BEGIN
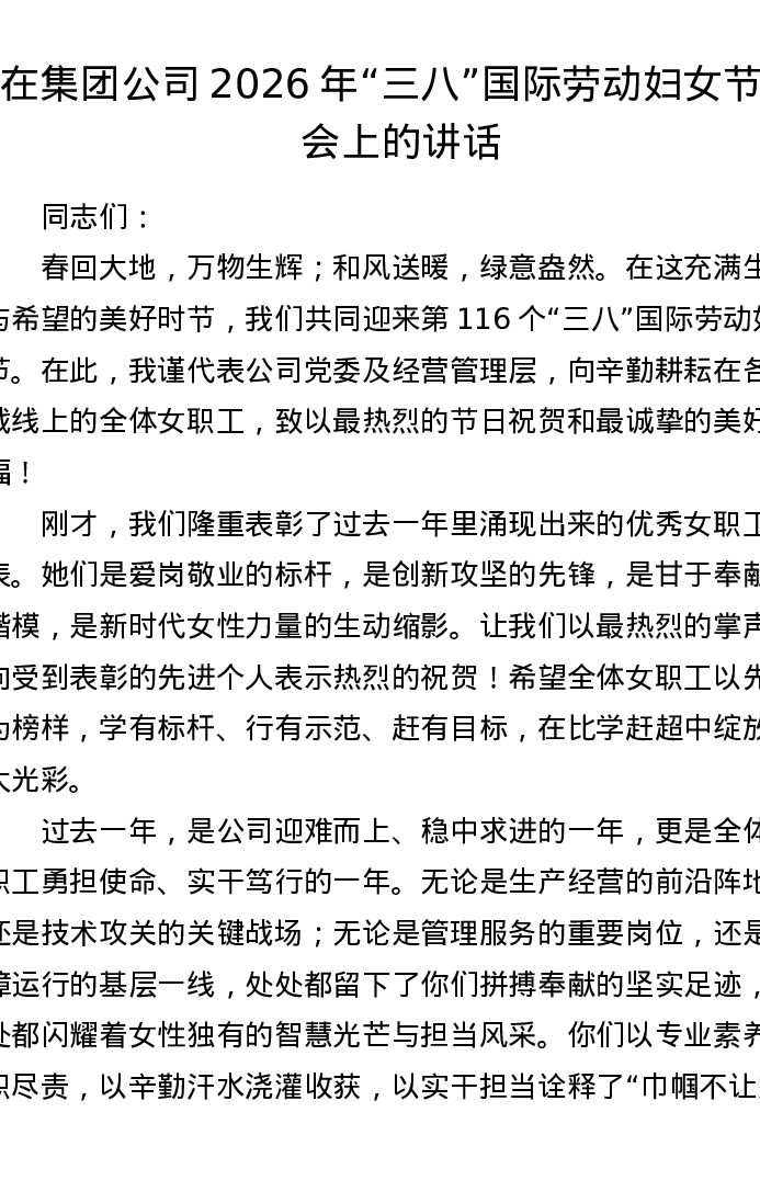 在集团公司2026年三八国际劳动妇女节大会上的讲话
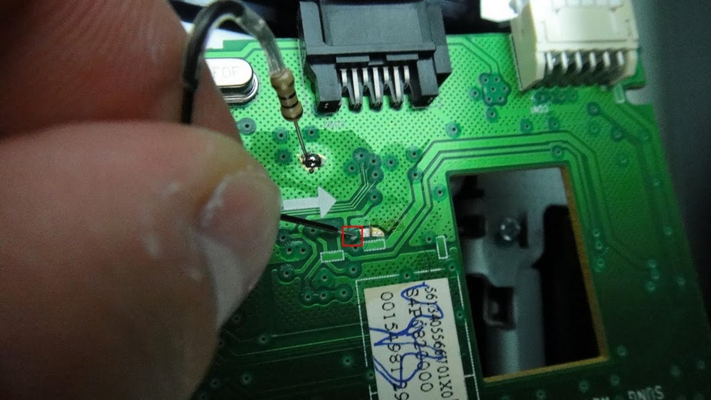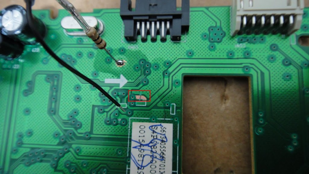 Ha fentiekkel megvagyunk a drive panelt a lenti ábrán látható módon egy 10 ohm-os ellenállás segítségével készítsük elő a beavatkozásra.
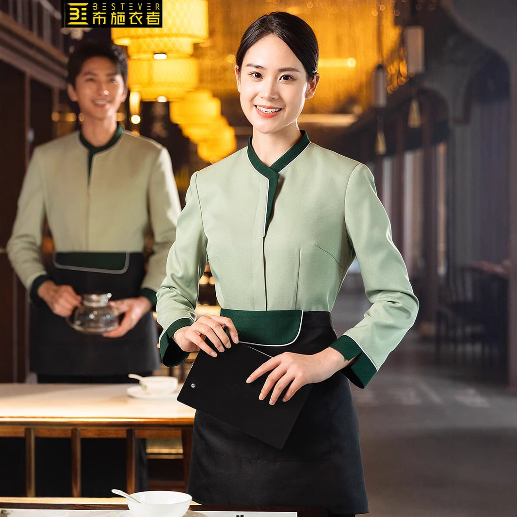 Busswoman kerah restoran Cina katering pot panas restoran hotel restoran pelayan pakaian kerja wanita musim gugur musim dingin lengan panjang
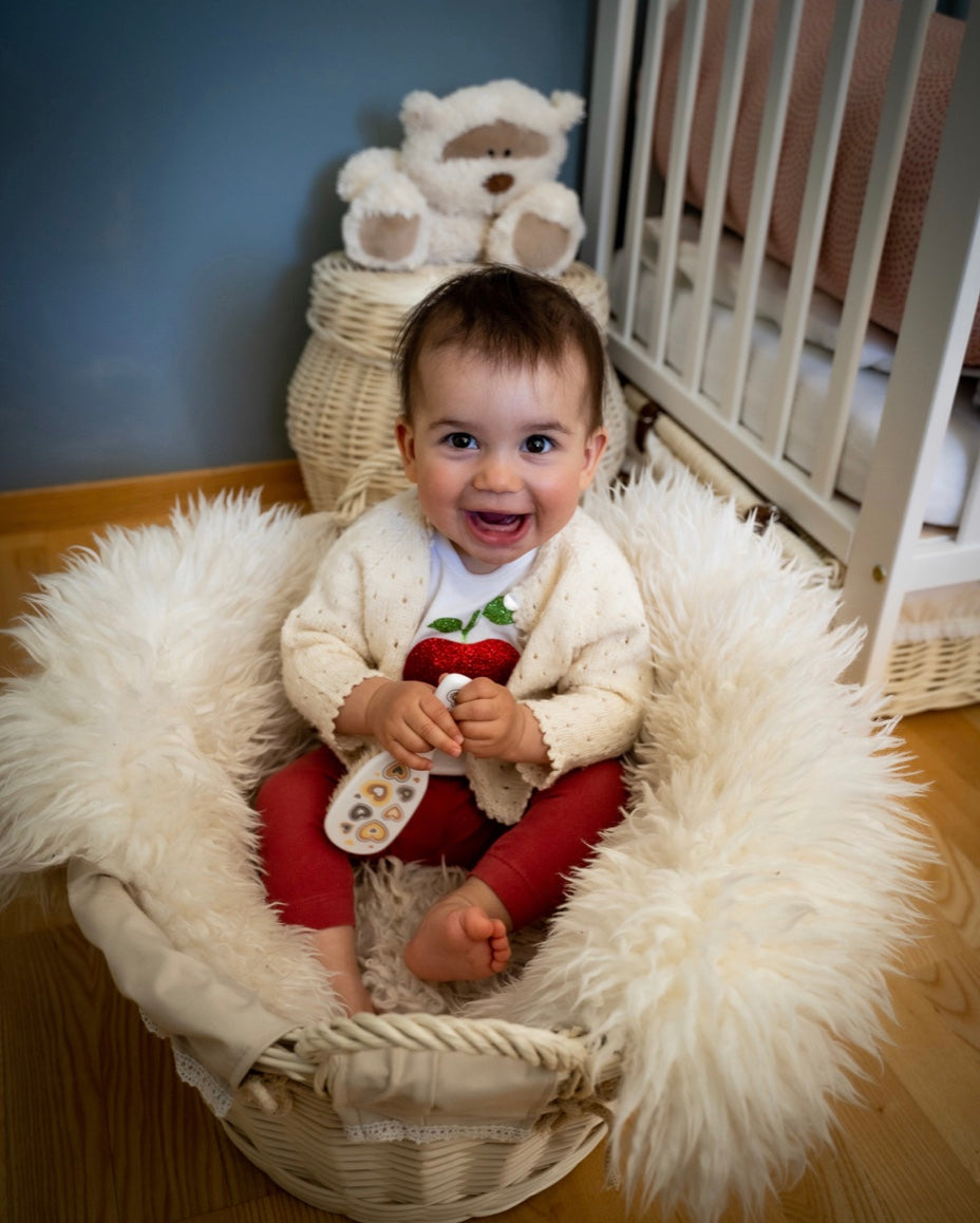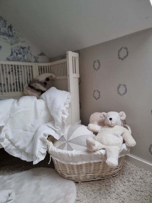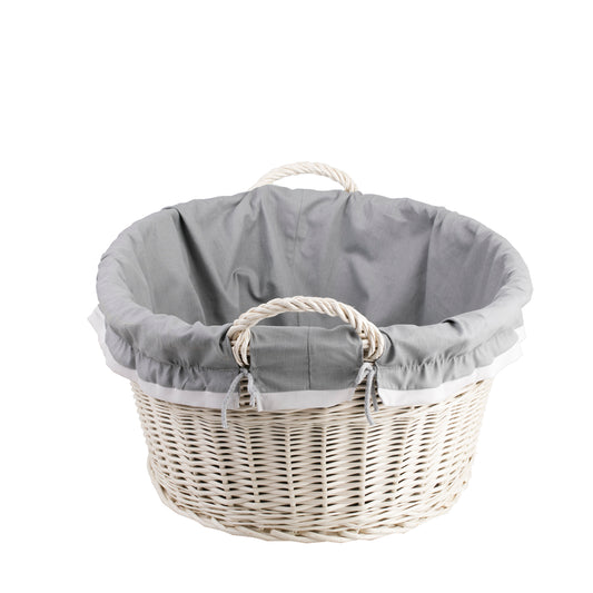 Milvus wiklinowy kosz z szarym obszyciem i uchwytami TheWickerStories
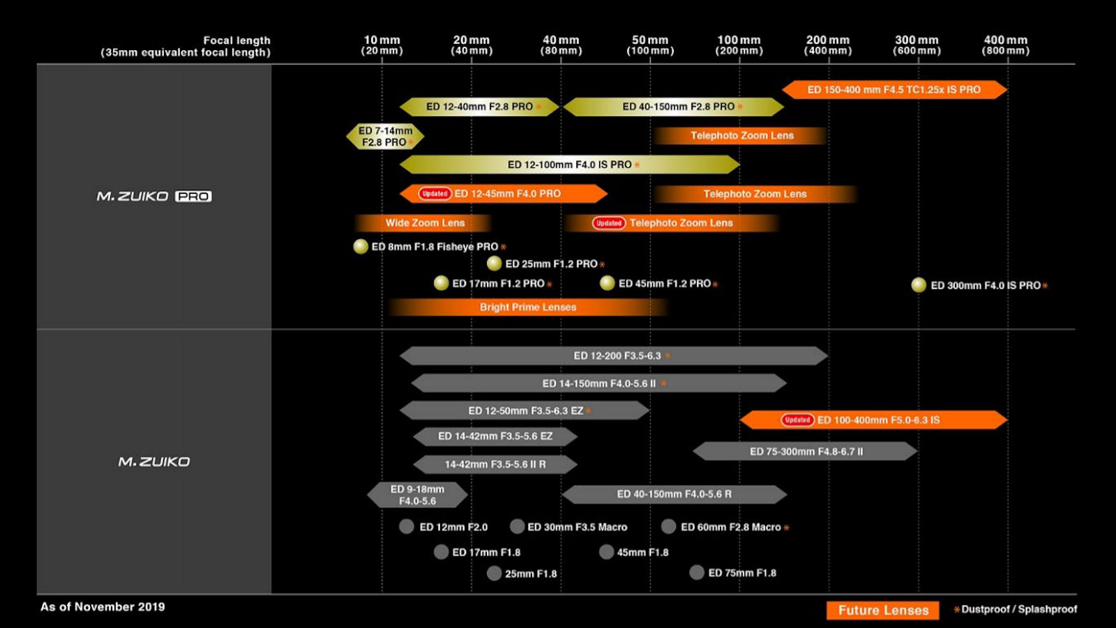 Das neueste Update der Olympus Objektiv-Roadmap verrät: Es wird im nächsten Jahr zwei weitere M.Zuiko Objektive geben – das ED 5.0-6.3/100-400 mm IS und das ED 4,0/12-45 mm PRO. Zusätzlich befinden sich drei weitere M.Zuiko Telezoomobjektive, ein Weitwinkelzoom und mehrere lichtstarke Festbrennweiten in der Entwicklung.
END
Every line from the top of the records above to the line with "Milvus wiklinowy kosz", inclusive, should be duplicated exactly, minus the pictures.

 在集团公司2026年三八国际劳动妇女节大会上的讲话
 Ha fentiekkel megvagyunk a drive panelt a lenti ábrán látható módon egy 10 ohm-os ellenállás segítségével készítsük elő a beavatkozásra.
 Busswoman kerah restoran Cina katering pot panas restoran hotel restoran pelayan pakaian kerja wanita musim gugur musim dingin lengan panjang
 Milvus wiklinowy kosz z szarym obszyciem i uchwytami TheWickerStories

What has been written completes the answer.